#### [PROMPT]
When you print the records below, keep every word exact and leave out the images.

(Beginning of DATA FOR THE TASK)

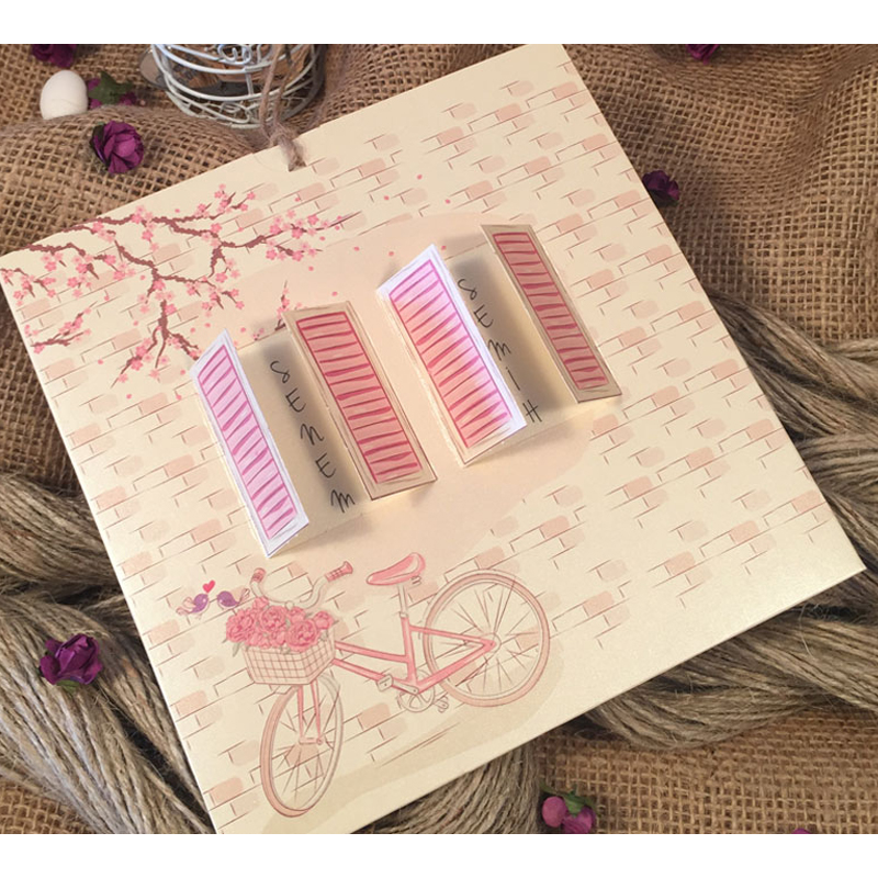 Invitatii de nunta confectionate dintr-un carton lucios accesorizat cu o sfoara destinat textului. Acesta se introduce intr-un plic tip buzunar ce prezinta doua ferestre care se deschid, un model floral si o bicicleta. Invitatia nu contine plic clasic.
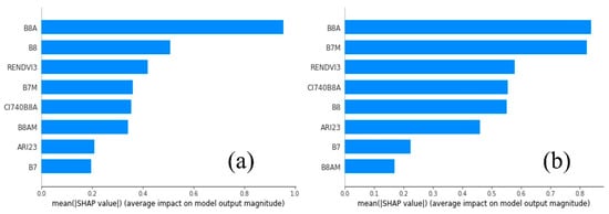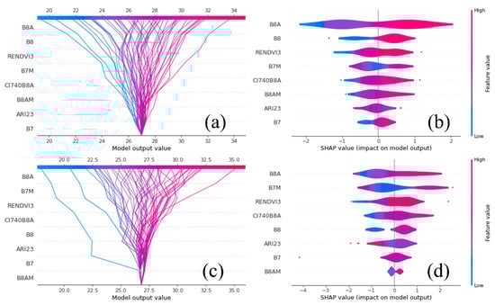 Interpretability has become a prominent area of research in the development of machine learning and artificial intelligence, with the Shapley value emerging as a powerful tool for explaining complex relationships between multivariate features and predictive models []. SHAP, a game theory-based approach, enables post hoc global and local interpretation of black-box models, thereby improving the transparency and reliability of model predictions and providing valuable insights for data collection and experimental design []. Due to its relatively recent adoption, only a limited number of studies have applied SHAP to interpret prediction models in crop monitoring.
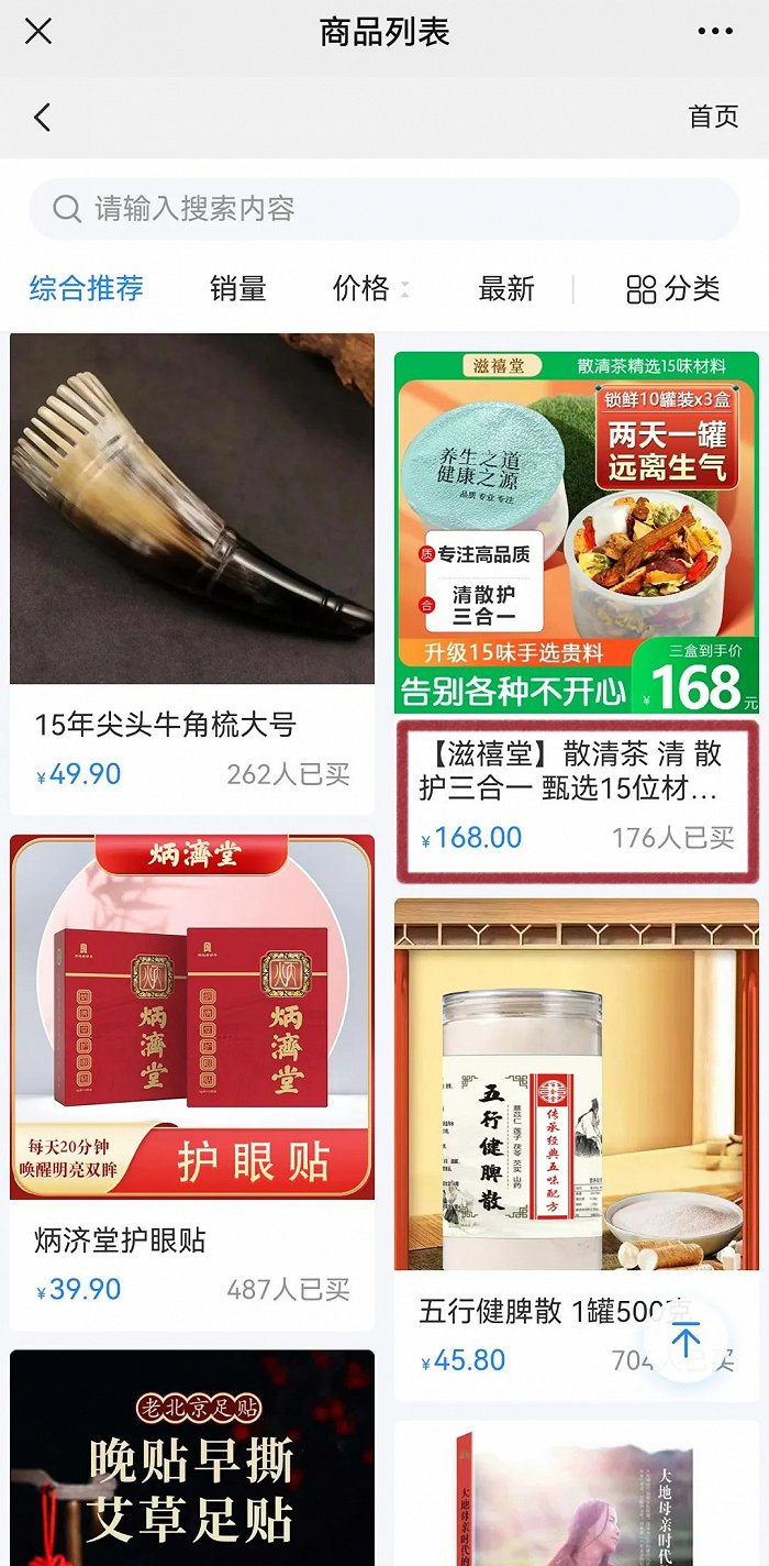 “生命艺术美学”小程序商城显示,全优植物益生元青汁已售1095份,仅此,“老师”们就可赚取5.5万元。售价168元的滋禧堂散清茶已售176件,佣金费用为1.5万元。
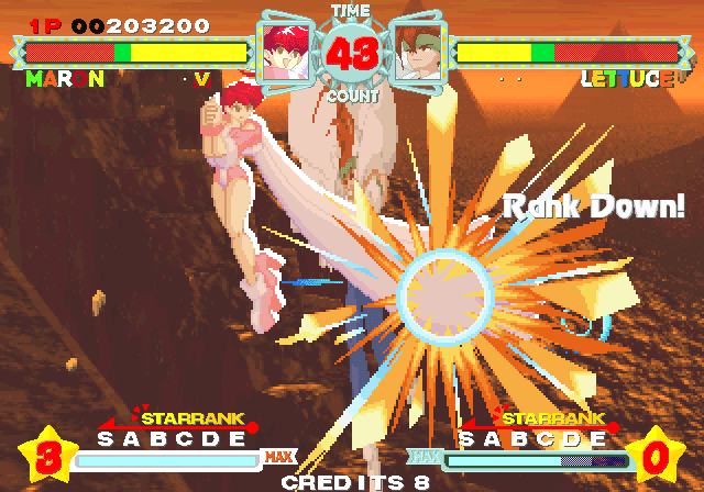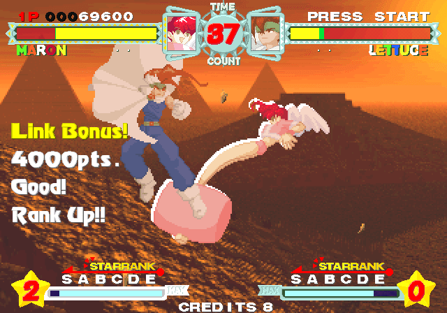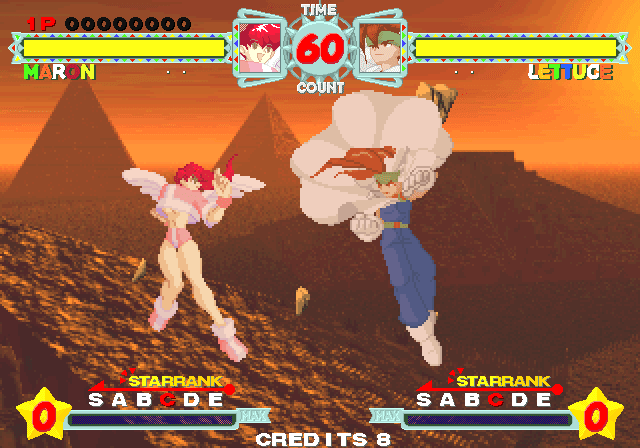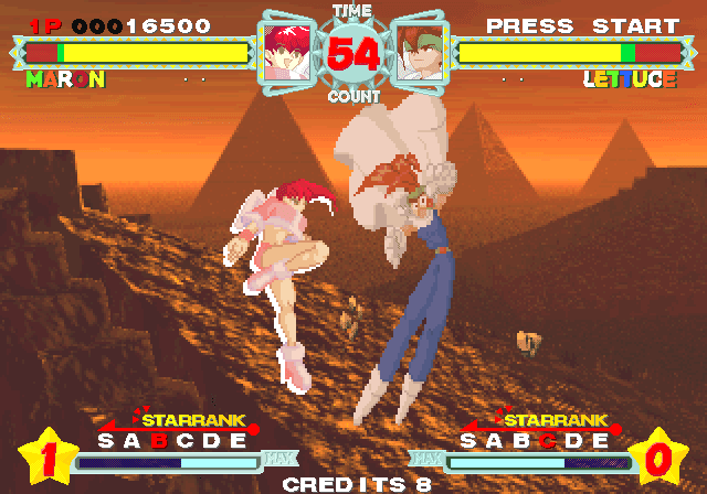 Here is the video game “Astra Superstars”! Released in 1998 on SEGA Saturn, it's still available and playable with some tinkering. It's an action game, set in an anime / manga, arcade and fighting themes and it was released on Arcade as well.
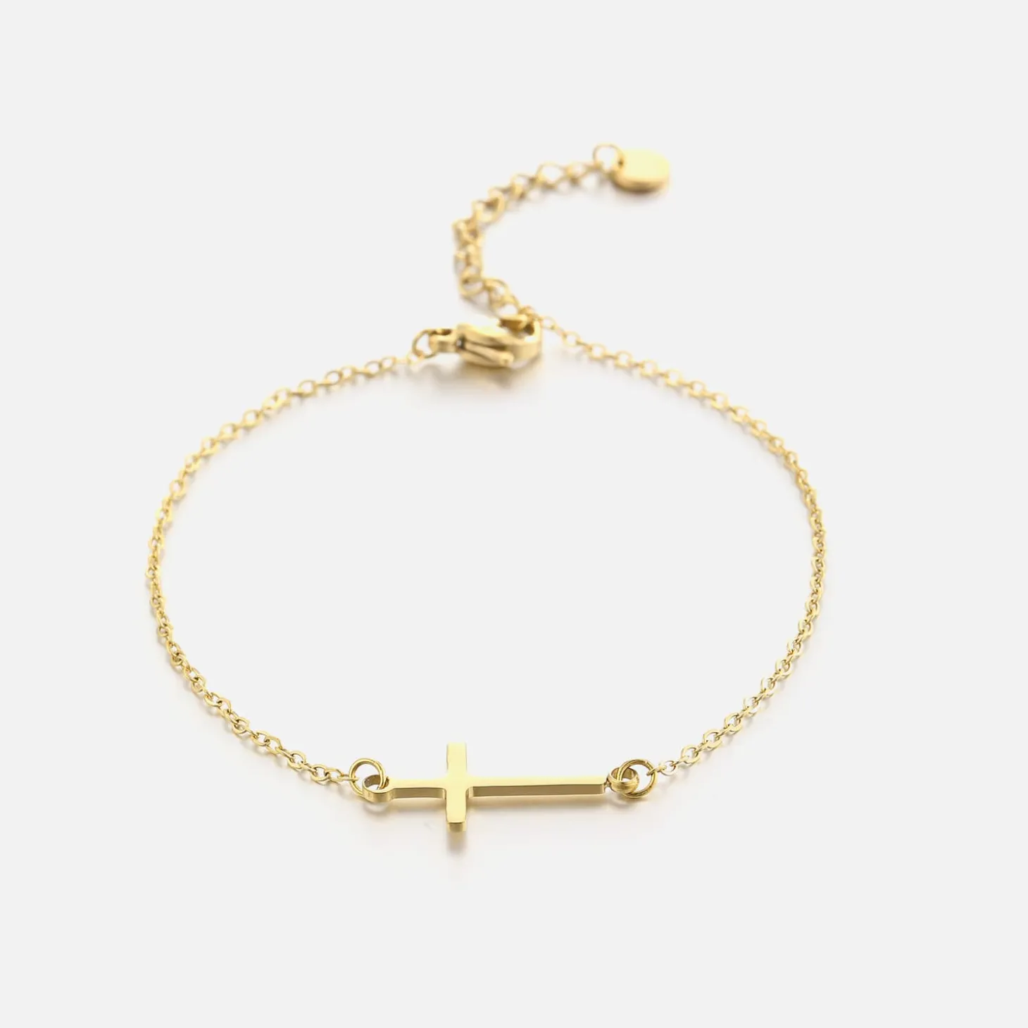 Deze minimalistische armband met kruisje is 16 cm lang en kan nog eens met 4 cm verlengd worden. Gemaakt van hoogwaardig stainless steel. Het kruis is ongeveer 12mm lang. Dankzij het verlengstukje is de armband verstelbaar en geschikt voor verschillende polsmaten.

(End of DATA FOR THE TASK)

#### [SOLUTION BELOW]
 Invitatii de nunta confectionate dintr-un carton lucios accesorizat cu o sfoara destinat textului. Acesta se introduce intr-un plic tip buzunar ce prezinta doua ferestre care se deschid, un model floral si o bicicleta. Invitatia nu contine plic clasic.
 Interpretability has become a prominent area of research in the development of machine learning and artificial intelligence, with the Shapley value emerging as a powerful tool for explaining complex relationships between multivariate features and predictive models []. SHAP, a game theory-based approach, enables post hoc global and local interpretation of black-box models, thereby improving the transparency and reliability of model predictions and providing valuable insights for data collection and experimental design []. Due to its relatively recent adoption, only a limited number of studies have applied SHAP to interpret prediction models in crop monitoring.
 “生命艺术美学”小程序商城显示,全优植物益生元青汁已售1095份,仅此,“老师”们就可赚取5.5万元。售价168元的滋禧堂散清茶已售176件,佣金费用为1.5万元。
 Here is the video game “Astra Superstars”! Released in 1998 on SEGA Saturn, it's still available and playable with some tinkering. It's an action game, set in an anime / manga, arcade and fighting themes and it was released on Arcade as well.
 Deze minimalistische armband met kruisje is 16 cm lang en kan nog eens met 4 cm verlengd worden. Gemaakt van hoogwaardig stainless steel. Het kruis is ongeveer 12mm lang. Dankzij het verlengstukje is de armband verstelbaar en geschikt voor verschillende polsmaten.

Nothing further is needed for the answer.